You forgot Tom Jones, and Tom Cruse.  They'd both look good on a serving platter, in someone else's" home of course.Seeeeeeya; Chief Longwind of the north


----------



## Oldvine (Aug 22, 2014)

I had a salad today with shrimp and heirloom tomatoes.  The shrimp had been wrapped in bacon and grilled until the bacon was perfectly crisp and the shrimp perfectly done.  If I thought I could pull it off, I would go back tomorrow for another.


----------



## Chief Longwind Of The North (Aug 23, 2014)

If you've never had a shrimp burger, try this recipe - Crispy Shrimp Burgers | Slender Kitchen

Srimp burgers were availabel to me at this little restaurant on base at NAS North Island, when I was in the navy.  I fell in love at first bit.  

I'm sure that this isn't the same recipe as from that restaurant, but when I did a search, it looks like a real winner.  i'm going to have to make some.  My only attempt at making shrimp burgers was a flop.  I was winging it from a 30 year old memory.  

I picked this recipe from the web as looing at the ingredients, and technique, it makes sense, with all of the flavors playing in my head like a great symphony.  I'm going to try it, maybe next payday.

Seeeeeeya; Chief Longwind of the North


----------



## Dawgluver (Aug 23, 2014)

Ah, shrimp burgers, how I love thee.  The best I've had were in a couple little diners in North Dakota, of all places.  Thin, crispy, and tarter sauce on the side 

I have used Rachel Ray's SB recipe, was pretty good.


----------



## vitauta (Aug 23, 2014)

this shrimp pasta dish is made with a relatively small number of onhand ingredients for a delicious, sure-to-please quick meal. adapts easily to tweakings and veggie additions, and works equally well with a variety of pasta forms, such as linguine and angel hair.

Spicy Parmesan Shrimp Skillet II Recipe | Yummly


----------



## Addie (Aug 23, 2014)

All seafood in this area has become so expensive. I can only imagine what the prices are in the rest of the country.


----------



## CWS4322 (Aug 24, 2014)

I've substituted shrimp for the scallops in this recipe. Works with chicken as well.

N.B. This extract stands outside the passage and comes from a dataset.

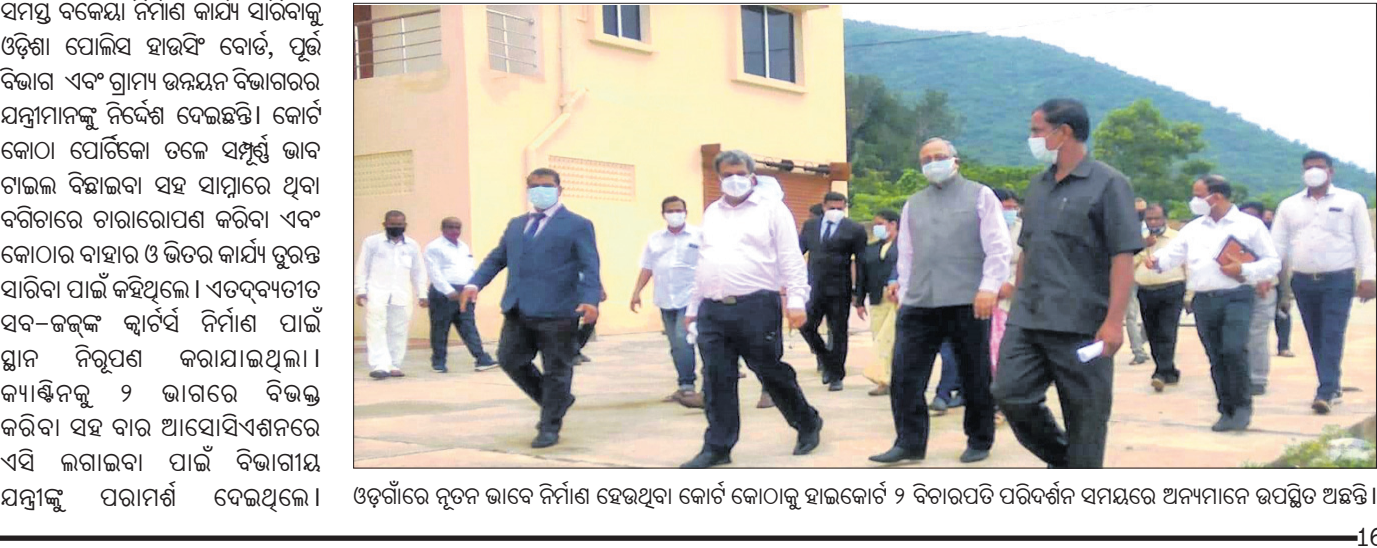
ଓଡ଼ିଶାରେ ବୃତ୍ତ ଭାବେ ନିର୍ମାଣ ହେଉଥିବା କୋର୍ଟ କୋଠାକୁ ହାଇକୋର୍ଟ ୨ ବିଚାରପତି ପରିଦର୍ଶନ ସମୟରେ ଅନ୍ୟମାନେ ଉପସ୍ଥିତ ଅଛନ୍ତି।

ନୟାଗଡ଼ ଅତିସ, ୨୯୮୮ ଉପଦେଶ ପ୍ରକାଶ କଲା କ୍ରିୟାନ୍ୱୟାନ କମିଟି କଟରାଝରୀରୁ ଶିଖରପୁର ୩ କିମି ରାସ୍ତା ବାଇପାସ୍ ହେଉ

http://www.discusscooking.com/forums/f22/okonomiyaki-89683.html

Food and Drink magazine has a number of shrimp recipes. The recipes I've tried always work and are quite tasty.

Recipe Search Results

There are a number of TNT recipes on DC as well. I posted my shrimp corn chowder recipe.


----------



## purple.alien.giraffe (Sep 7, 2014)

Mash some mint leaves into lime juice (you can also use cilantro or parsley if you prefer). Chop some cooked, chilled shrimp and toss with the lime juice. Cut an avocado in half and remove the pit. Fill the hole left by the pit with the shrimp.  Now all you need is a spoon. 

Tear up some basil leaves and place in a large bowl. Add a bunch of lime juice. Add raw shrimp and mix around. Marinate for 30 minutes. Put shrimp on skewers and grill until just done. Serve on top of your favorite mixed greens.

I haven't tried it but I bet if you stuffed a cornish game hen with shrimp, basil, garlic, and a little lemon, then roasted it, it would be really good. Artichoke or asparagus on the side. Now I really wish shrimp was in the budget.


----------